Collected data:
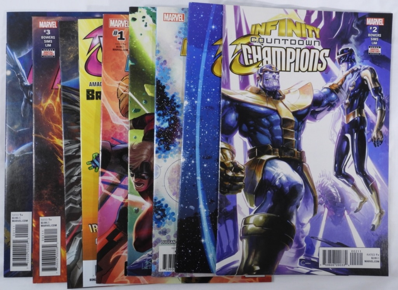 Infinity Countoown 1, 2, & 4. Champions #22. Infinity Countoown Prime #1. Captain Marvel #1. Adam Warlock #1. Champions 1-2
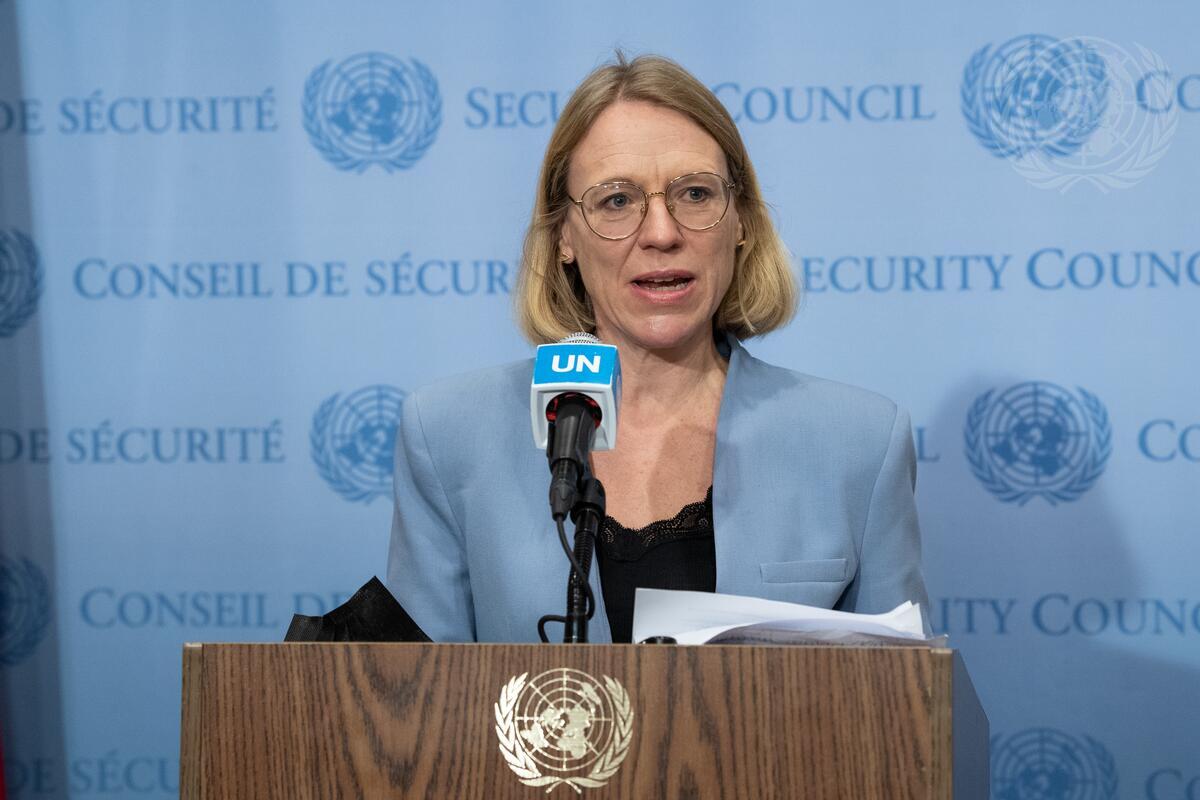 Anniken Huitfeldt, Minister for Foreign Affairs of Norway, briefs reporters ahead of the Security Council briefing on refugees.
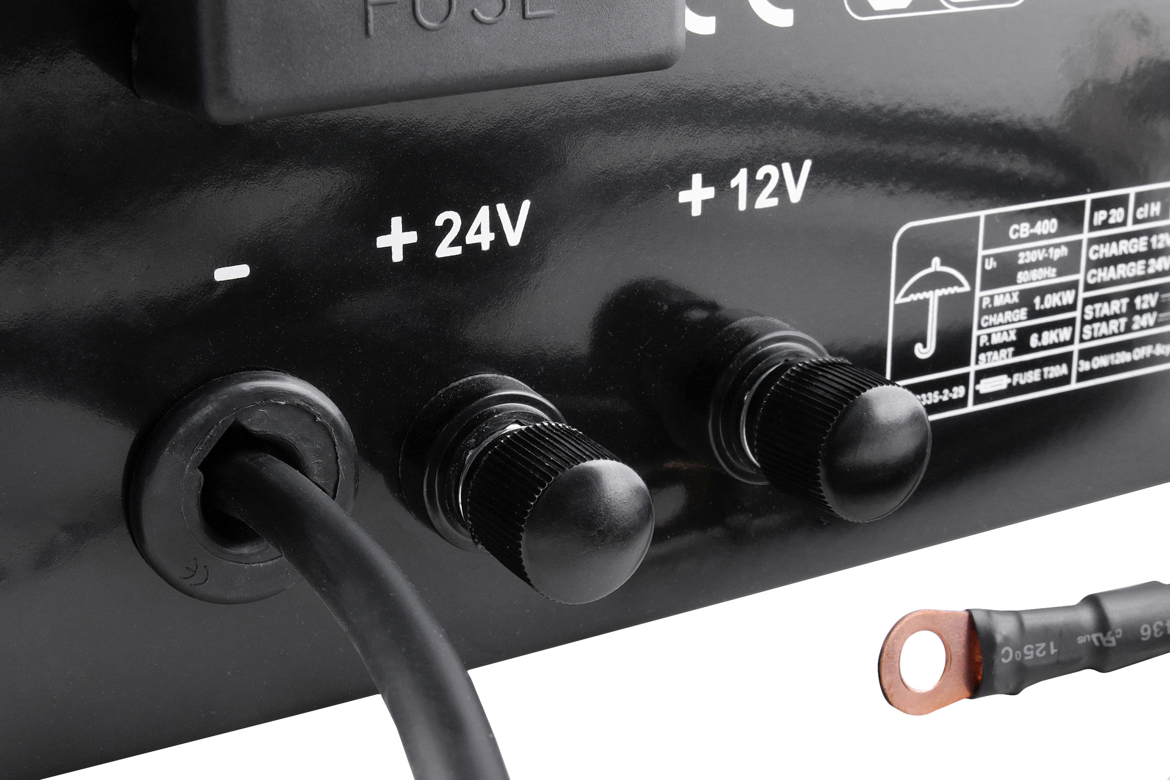 Устройство подходит для зарядки как 12В, так и 24В. Выпрямитель может заряжать как одну батарею, так и несколько. В зависимости от способа подключения мы можем заряжать несколько батарей, подключенных параллельно напряжением 12 В (или 24 В, если батареи имеют такое напряжение), или две батареи 12 В, соединенные последовательно. В этом случае подключите плюсовой кабель к выходу 24 В.

Problem to work on:
Only the lines from the one containing "Anniken Huitfeldt, Minister" through the final line of the data should be given again, exactly and without pictures.

Written solution:
 Anniken Huitfeldt, Minister for Foreign Affairs of Norway, briefs reporters ahead of the Security Council briefing on refugees.
 Устройство подходит для зарядки как 12В, так и 24В. Выпрямитель может заряжать как одну батарею, так и несколько. В зависимости от способа подключения мы можем заряжать несколько батарей, подключенных параллельно напряжением 12 В (или 24 В, если батареи имеют такое напряжение), или две батареи 12 В, соединенные последовательно. В этом случае подключите плюсовой кабель к выходу 24 В.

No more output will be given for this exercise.